*Activity*. Print only the lines running from the line with "太陽光に近い自然な光。メイクをする・服を選ぶ場所におすすめ。" to the final line below, both included, exactly as written and without the pictures.

*Input material*.
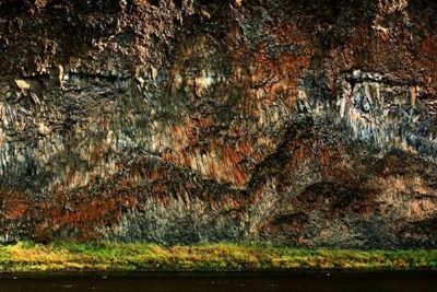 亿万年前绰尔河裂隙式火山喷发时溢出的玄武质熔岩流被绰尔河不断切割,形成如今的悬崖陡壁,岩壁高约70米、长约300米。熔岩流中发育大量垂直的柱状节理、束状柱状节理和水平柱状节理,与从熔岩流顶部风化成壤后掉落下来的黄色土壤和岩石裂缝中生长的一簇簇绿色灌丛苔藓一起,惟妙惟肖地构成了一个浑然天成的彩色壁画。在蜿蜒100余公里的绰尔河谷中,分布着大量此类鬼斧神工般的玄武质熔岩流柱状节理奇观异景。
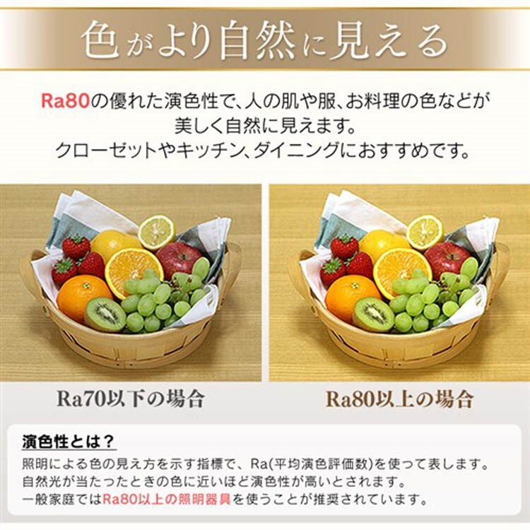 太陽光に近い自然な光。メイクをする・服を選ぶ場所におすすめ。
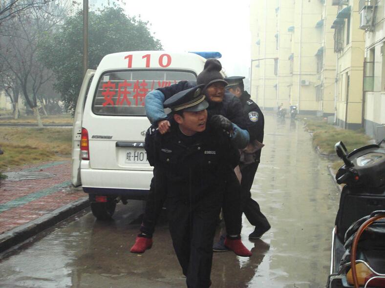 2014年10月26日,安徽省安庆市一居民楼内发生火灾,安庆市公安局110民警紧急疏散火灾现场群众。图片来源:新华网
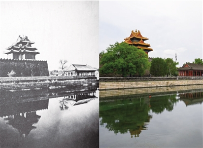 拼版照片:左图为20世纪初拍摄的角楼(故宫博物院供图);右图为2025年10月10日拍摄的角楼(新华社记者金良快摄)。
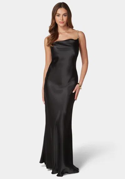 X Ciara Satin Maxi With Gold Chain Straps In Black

*Solution to this exercise*.
 太陽光に近い自然な光。メイクをする・服を選ぶ場所におすすめ。
 2014年10月26日,安徽省安庆市一居民楼内发生火灾,安庆市公安局110民警紧急疏散火灾现场群众。图片来源:新华网
 拼版照片:左图为20世纪初拍摄的角楼(故宫博物院供图);右图为2025年10月10日拍摄的角楼(新华社记者金良快摄)。
 X Ciara Satin Maxi With Gold Chain Straps In Black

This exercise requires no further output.